ポールポジションは2戦連続でニコ・ロズベルグ。僚友のルイス・ハミルトンとともにメルセデスAMG勢が独占。それを3番手セバスチャン・ベッテル(レッドブル)、4番手キミ・ライコネン(ロータス)、5番手にアロンソと、チャンピオン経験者が包囲網を作るグリッド順。なおフェリペ・マッサ(フェラーリ)とエステバン・グティエレス(ザウバー)は予選中に他車のアタックを妨害したとして3グリッド降格ペナルティを受けてのスタートとなった。

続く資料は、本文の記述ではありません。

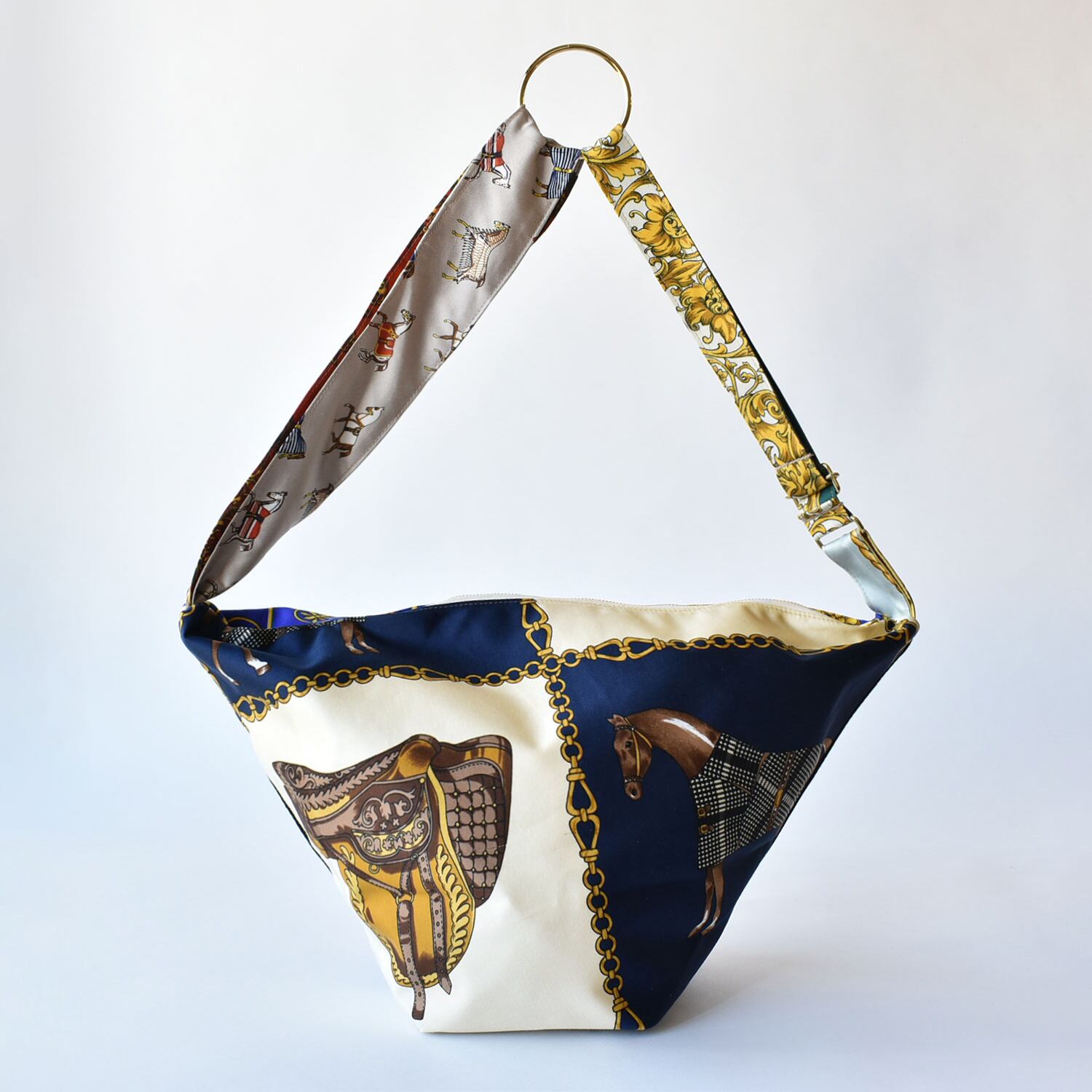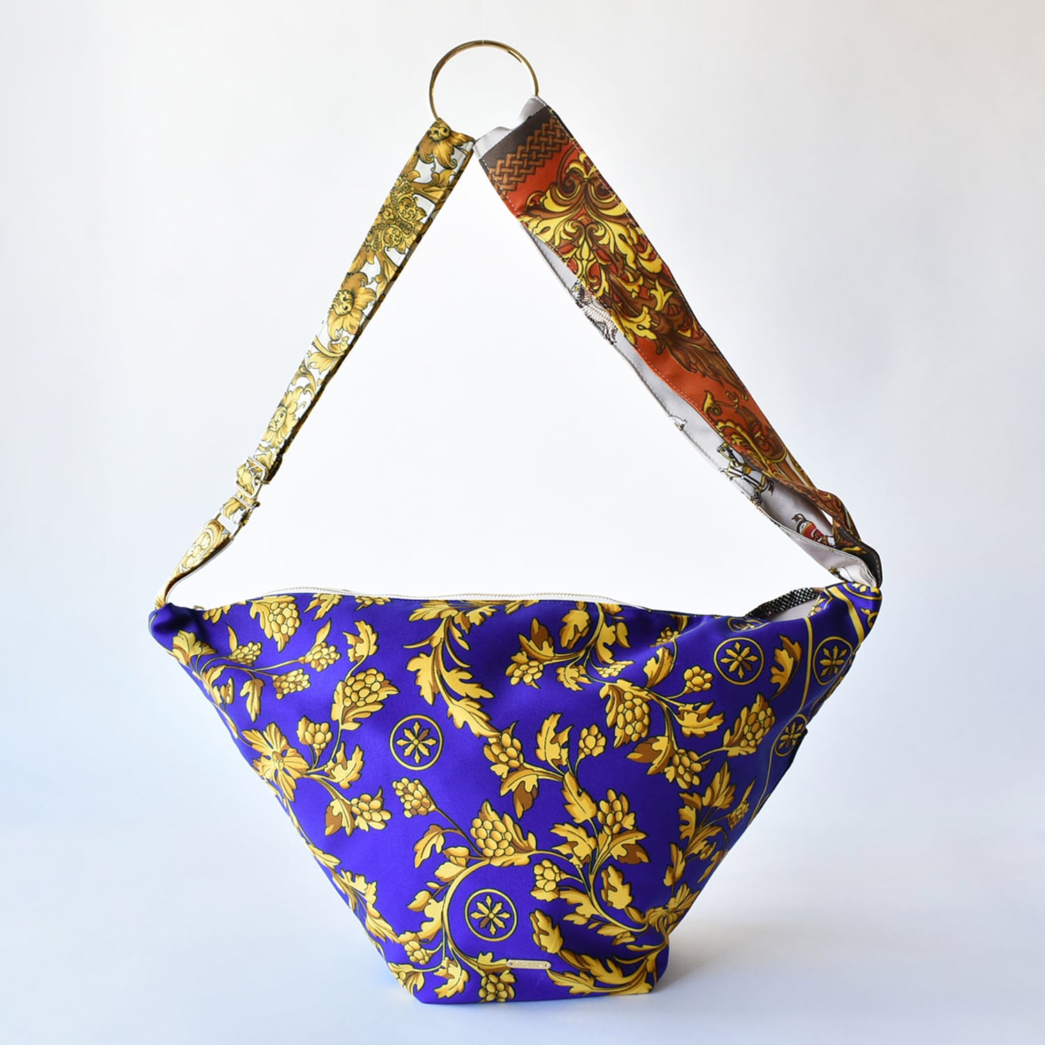手持ちにした際に「クシュ」っとなる形がキュートでスカーフ素材の柔らかさも楽しんで頂けます。

スタートでは、1コーナーまで約700mあるロングストレートを利用し、ベッテルとアロンソがシルバーアローの2人に襲いかかるが、1コーナーでは抑えこみワン・ツーを死守。しかしハミルトンは進入時にタイヤをロックさせてしまい、その後ベッテル、アロンソ、ライコネンと抜かれ早々と後退してしまう。一方チームメイトのロズベルグはトップをキープ。前回バーレーンGPではレースペースが伸びず大苦戦、あっという間に後退を余儀なくされてしまった。今回は予選で使用したミディアムタイヤを上手く使いこなし何とか第1スティントを終える。
66周のレースも10周目に差し掛かろうというところでピットが慌ただしくなる。今回ピレリタイヤが用意したのはミディアム(白)とハード(オレンジ)の2種類。しかし例年以上に垂れが早く、カタルーニャ・サーキットはタイヤに厳しい。今回は殆どのドライバーが4回ストップを選択した。まずはアロンソが上位陣の中では一番早い9周目にピットインし、ハードに履き替える。続く10周目、ロズベルグとベッテルがピットに入りハードタイヤに交換。この間に先にアロンソが追い上げ、ロズベルグのすぐ後方に飛び込み1つ順位を上げた。第1スティントでは何とか持ちこたえていたロズベルグだったが、ハードタイヤに替えたとたんにペースダウン。次々と後続に抜かれ、またしても悔しい形で優勝争いから脱落してしく。
これでトップにたったアロンソは、1分29秒台を連発し後続との差を広げ、20周目に2回目のピットイン。予定通りに4ストップ作戦を実行していく。当初は3ストップを考えていたベッテルだったがタイヤが予想以上に厳しくなり4ストップ作戦に変更し後退。その後方から上手くタイヤマネジメントをしてチャンスを伺っていたライコネンが少しずつ迫ってくるが、重要な場面でベストタイムを連発。戦略の関係上、一度はトップを譲ることになったアロンソだったが、両者ともに1回ずつのピット作業を残した40周目の1コーナーでライコネンをオーバーテイク。その後も1分28秒台の安定した走りを終盤まで続け、結局は10秒近い差をつけてチェッカーフラッグ。通算32勝目となる今季2勝目を挙げた。優勝には届かなかったが、今回も見事なピット戦略をみせたライコネンが2位、3位にはマッサが、グリッド降格ペナルティを乗り越えて今季初の表彰台を獲得した。
母国スペインでは2012年のヨーロッパGP(バレンシア市街地コース)で勝っているアロンソだが、ここカタルーニャ(スペインGP)での勝利は2006年以来7年ぶり。スタンドからはマシンのエキゾーストノートを掻き消すくらいの大歓声に包まれ、地元スペインの英雄を祝福。ゴール直後に受け取ったスペイン国旗を掲げてウイニングランを行ったアロンソはパルクフェルメに戻り、マシンを降りると大きく拳を突き上げた。
昨年のバレンシアでは表彰台で号泣して喜んでいたが、今回はスペイン国歌を誇らしげな表情で聴き、ファンに対して何度も手を振って声援に応えた。「毎ラップ走りながら、コースサイドファンの大きな声援は強く感じていたし、自分にとって大きな力になった。チームもこの週末は僕が母国GPで最高の結果を出せるようにとたくさんの努力をしてくれた。これらがなかったら、今日は絶対に勝てなかったよ。本当に感謝している。」とポディウムインタビューで駆け付けたファンと、全力で支えてくれたチームに感謝した。
注目のポイントランキングは、首位ベッテルが何とか4位でチェッカーを受けたため89ポイントと順位は変わらないが、2位で18ポイントを稼いだライコネンが4ポイント差に迫られた。優勝したアロンソはトータル72ポイントに伸ばしランキング3位に浮上。以下ハミルトン(50pts)、マッサ(45 pts)、マーク・ウェバー(42 pts)と続いている。
次回のF1は第6戦モナコGPが5月23〜26日に開催。今年も大混戦の状況で伝統のレースを制するのはどのドライバーか?非常に注目だ。